Dataset items:

+ + + + +

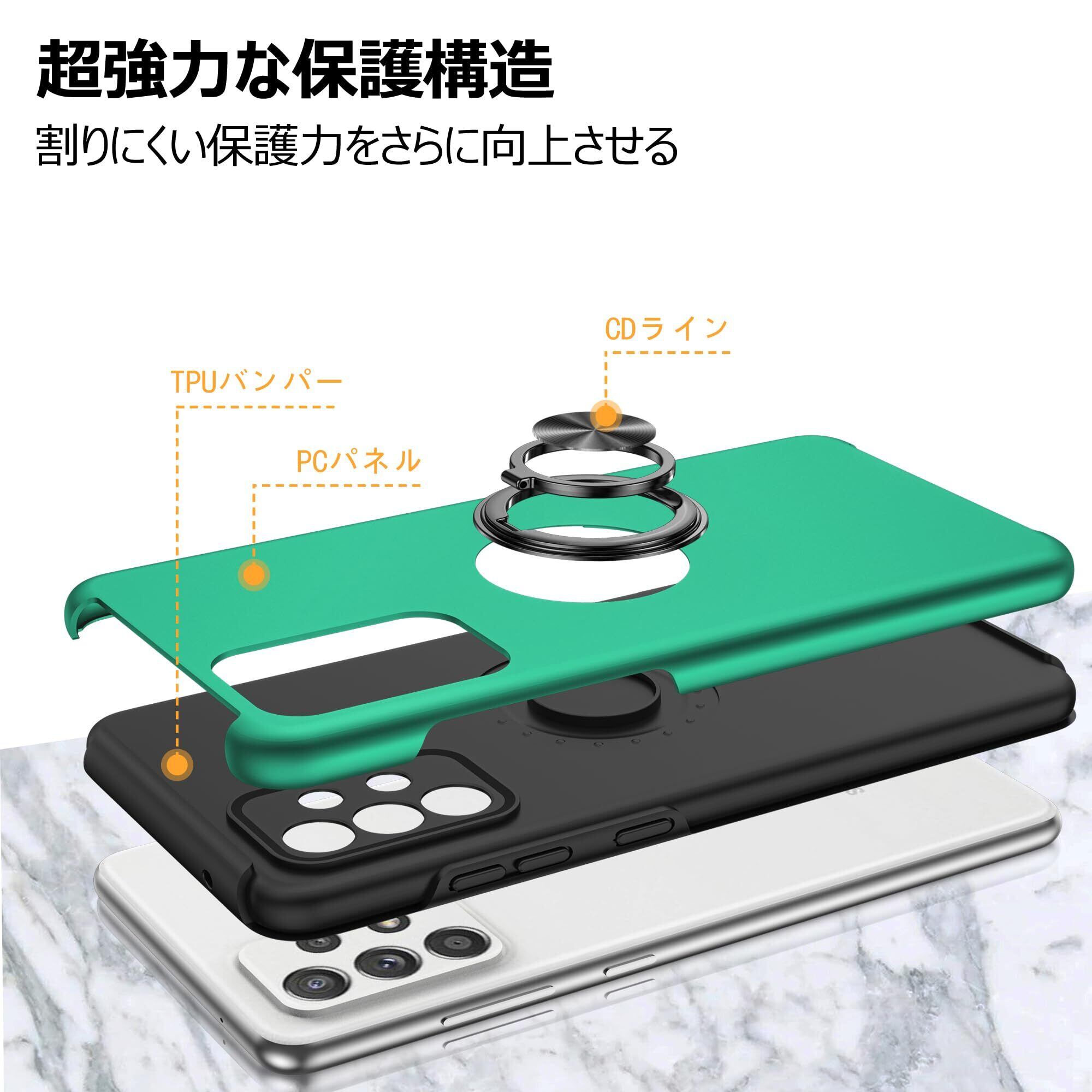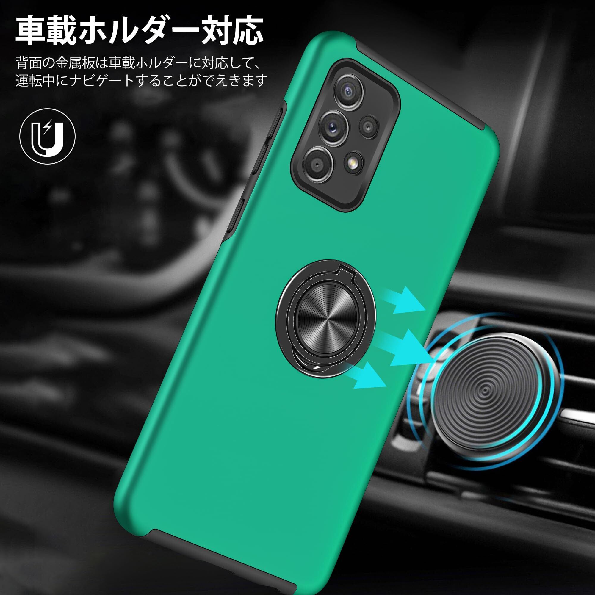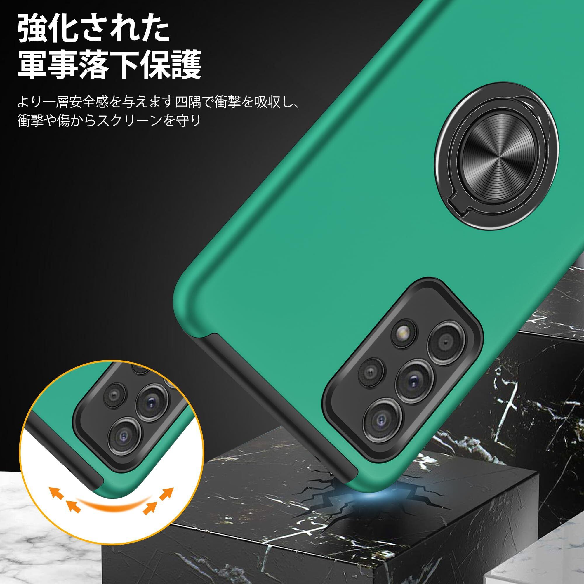 【在庫処分】Galaxy A53 5G 用ケース リング付き 耐衝撃 tpu pc 二重構造 SC-53C SCG15 ケース 全面保護 サムスン ギャラクシーa53 5g 用カバー 衝撃吸収 シリコン 360°回転 スタンド機能 薄型 車載ホルダー対応 米軍MIL規格 指紋防止 人気 携帯カバー 緑 ZW75-115
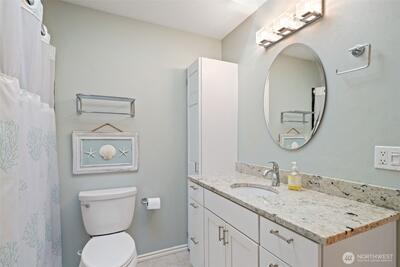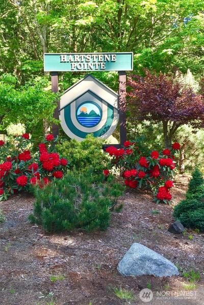 Well maintained and appointed cabin in the woods at Hartstene Pointe's quiet gated beach community. The perfect place to enjoy the peaceful serenity of our wooded areas, boating on South Puget Sound, or watching the wildlife. Light and bright w/lots of windows and skylights. Easy care LVP floors in most rooms. Kitchen w/granite counters, eating island, lots of storage and natural light next to dining area. Primary bedroom w/larage slider to partial wrap deck. Second bedroom/office has half bath/wall fireplace. Large bathroom with laundry. Living/dining area has large slider to new partial wrap deck/dog run. Hardiplank siding/metal roof. Small garage/shop/storage. Enjoy all HP amenities: pool, clubhouse,fitness center, tennis/sport courts, marina/ramp, picnic/firepit/areas, miles of walking trails & saltwater beaches.
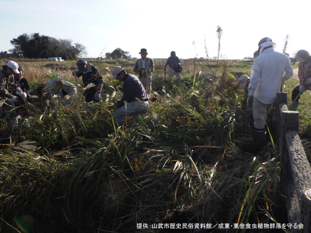 そうなんです。でもラッキーなことに、江戸時代まではすぐ隣を流れる作田川がよく氾らんしていて、ここはその時に堤防を補修するための土を取る場所になっていました。だから、その土取りのたびに背の高い植物は取りのぞかれて、土の養分が少ない状態も保たれたんです。
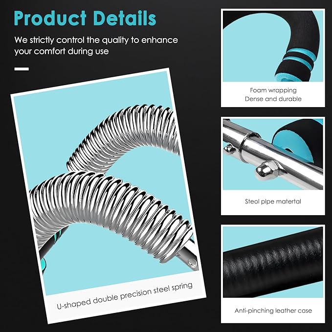 - Durable & Safe Construction: Crafted with high-grade metal springs, the Twister Arm Trainer combines stability and smooth motion. Reinforced leather and anti-slip handles ensure safety, while three intensity levels cater to all fitness levels
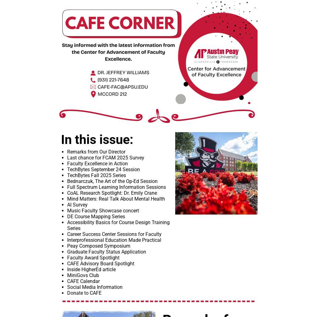 We have another CAFE Advisory Board meeting this coming Monday and I hope you'll be able to make time to complete the FCAM Survey shared below here one last time in the newsletter. As always, we welcome your ideas on how CAFE can better serve you. Please don't hesitate to reach out at williamsjj@apsu.edu or 931-221-7648.
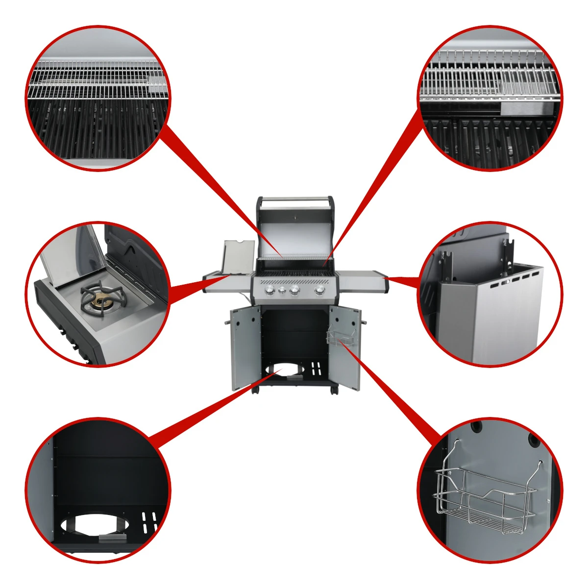 - 3 Edelstahl Hauptbrenner mit Flammenverteilern
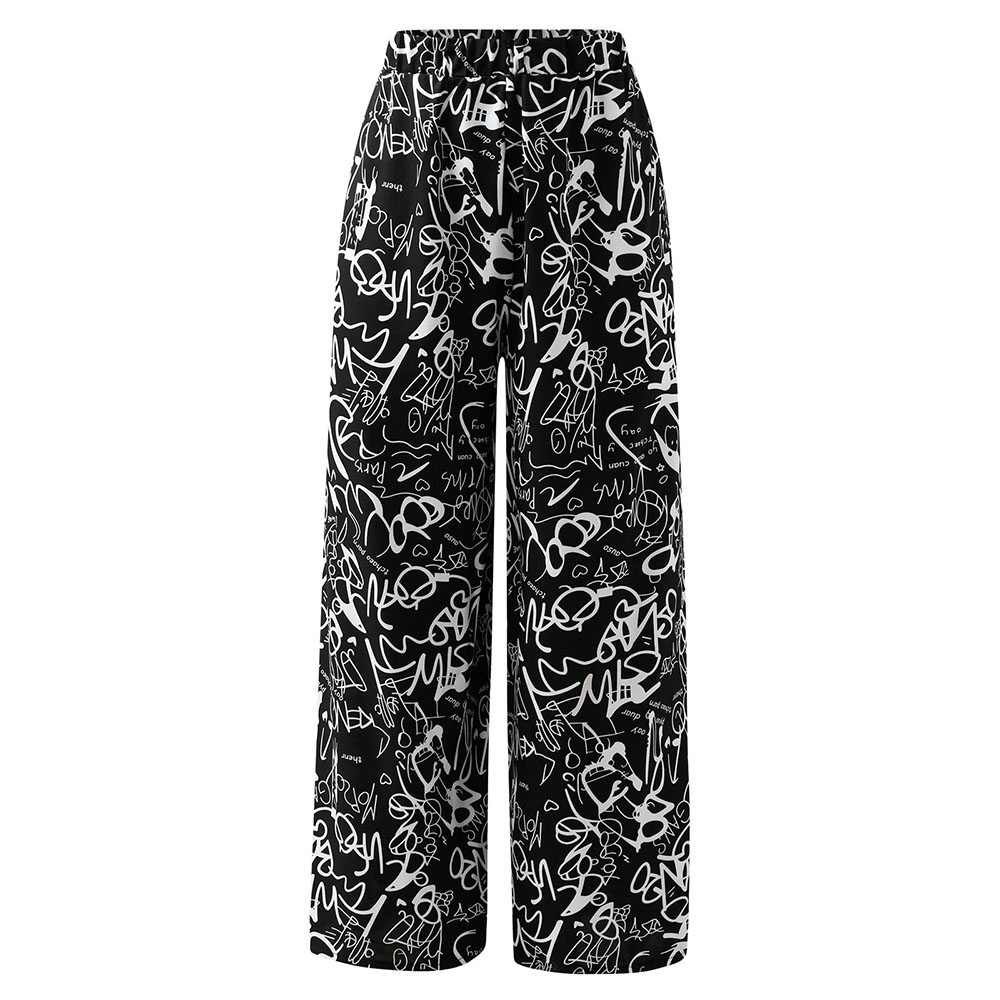 Plus Size Wide Leg Pants Women Spring Autumn Fashion England Style Print Elastic Waist High Street Loose Women's Pants Big Size

+ + + + +

Task description -
Looking at the records above, extract only the lines from the one with "- 3 Edelstahl" through the last line, exactly, with the pictures left out.

Solution for this task -
 - 3 Edelstahl Hauptbrenner mit Flammenverteilern
 Plus Size Wide Leg Pants Women Spring Autumn Fashion England Style Print Elastic Waist High Street Loose Women's Pants Big Size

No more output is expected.